- Breed: Quarter Horse
- Discipline: Cutting
- Sire: Peppy San
- Grandsire: Leo San
- Dam: Royal Smart
- Maternal grandsire: Royal King
- Sex: Gelding
- Foaled: May 1971
- Country: United States
- Color: Sorrel

Other awards
- NCHA Platinum & Gold & Silver & Bronze Awards, NCHA Certificate of Ability, AQHA World Champion

Honors
- American Quarter Horse Hall of Fame

= Royal Santana =

Quarter Horse show horse

Royal Santana (May 1971 – 1995) was a sorrel Quarter Horse gelding sired by Peppy San and out of a mare named Royal Smart. Royal Smart was a daughter of Royal King and out of a descendant of Traveler named Moss Jackie Tobin.

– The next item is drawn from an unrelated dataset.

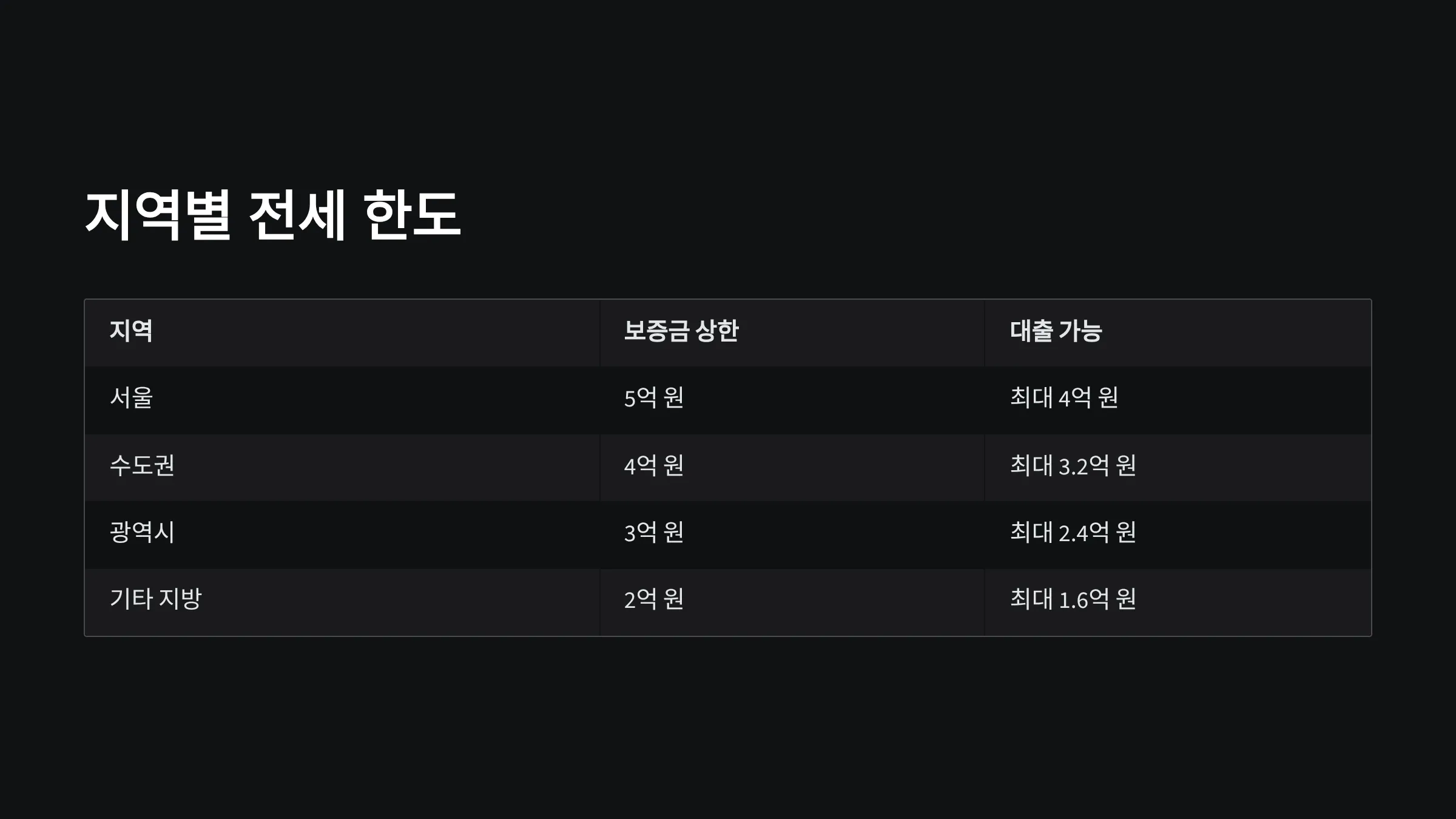 | 서울 | 5억 원 | 최대 4억 원(80%) |
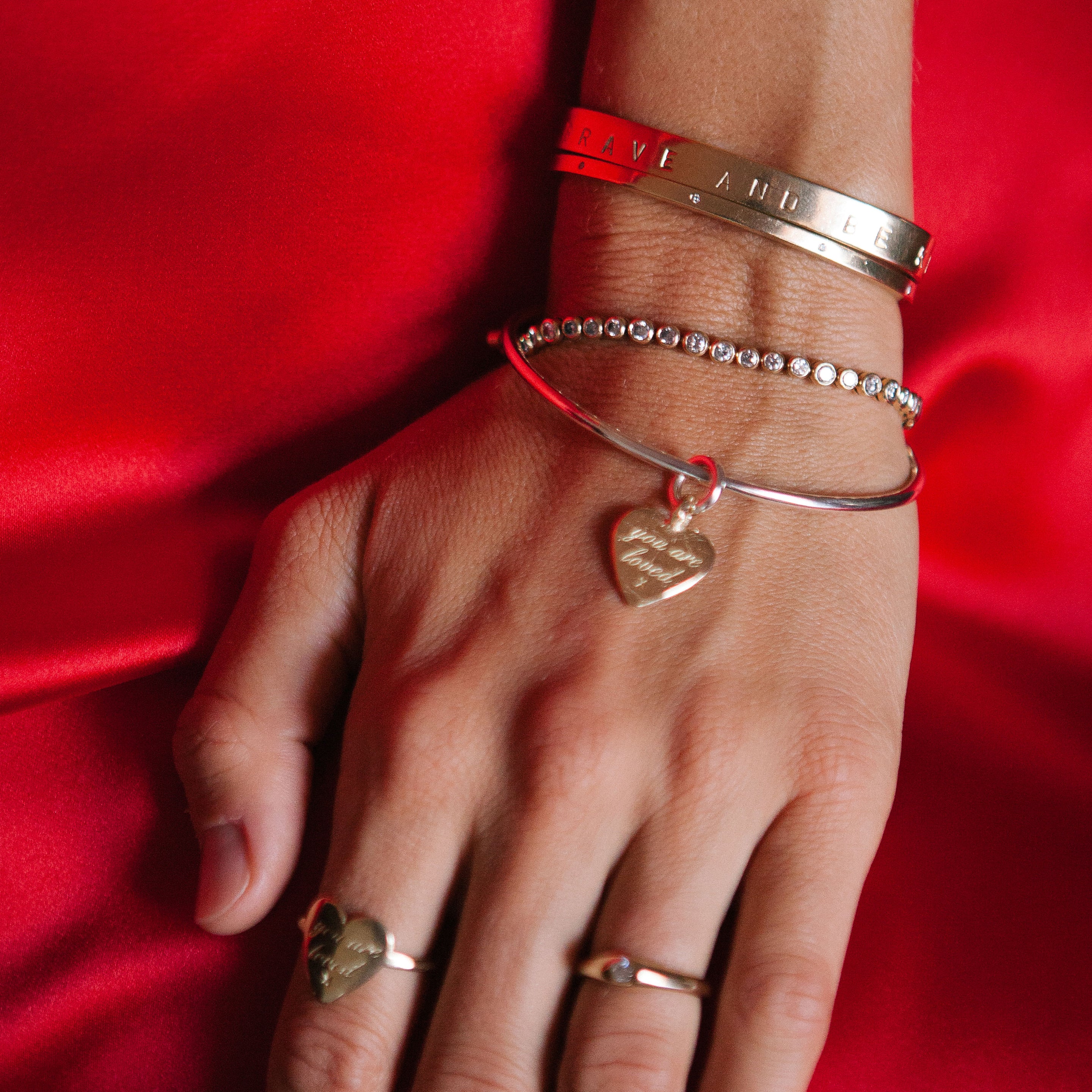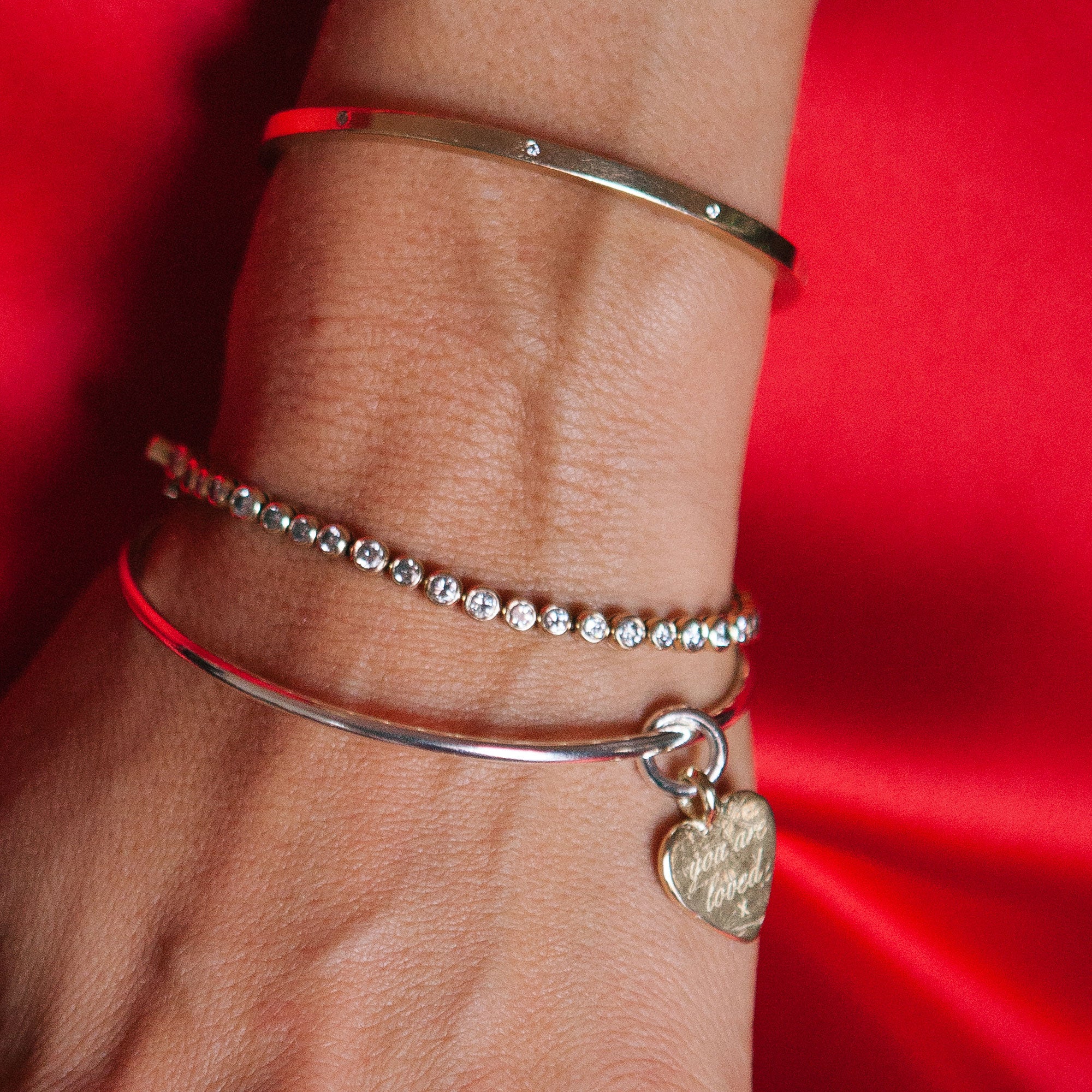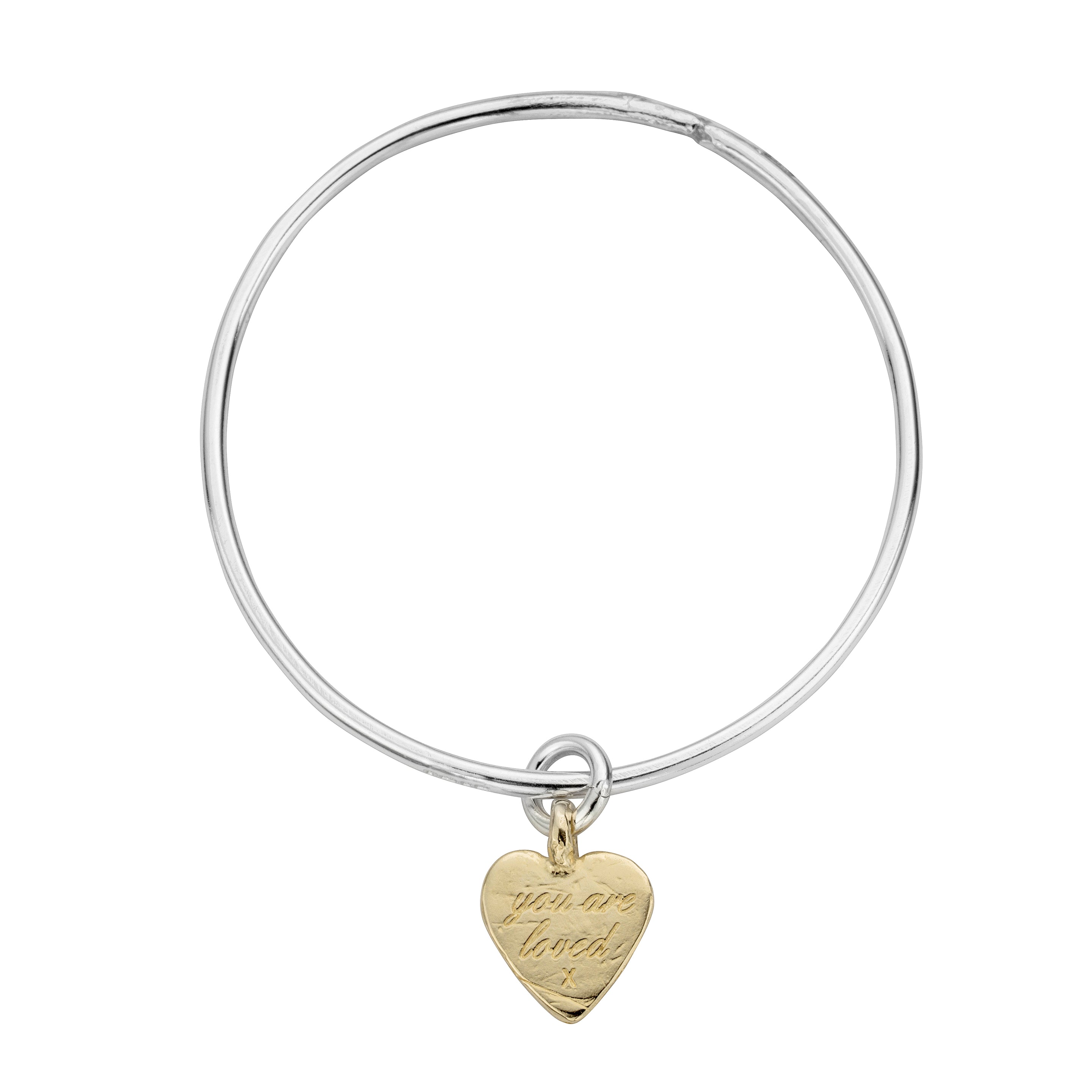 The Medium 'You Are Loved' Bangle is made using 100% recycled solid sterling silver & 9ct yellow gold. Wear alone or stack with other DD bangles to create your own unique look!

In Royal Santana's show career he was an American Quarter Horse Association (or AQHA) World Champion and Reserve World Champion. With the National Cutting Horse Association (or NCHA) he earned $174,146.29 in cutting contests and a Platinum, Gold, Silver, Bronze and Certificate of Ability from the NCHA.

Royal Santana was inducted into the AQHA Hall of Fame in 2000. After he died in 1995, they buried him next to the arena named in his honor at Merrill’s Windward Stud.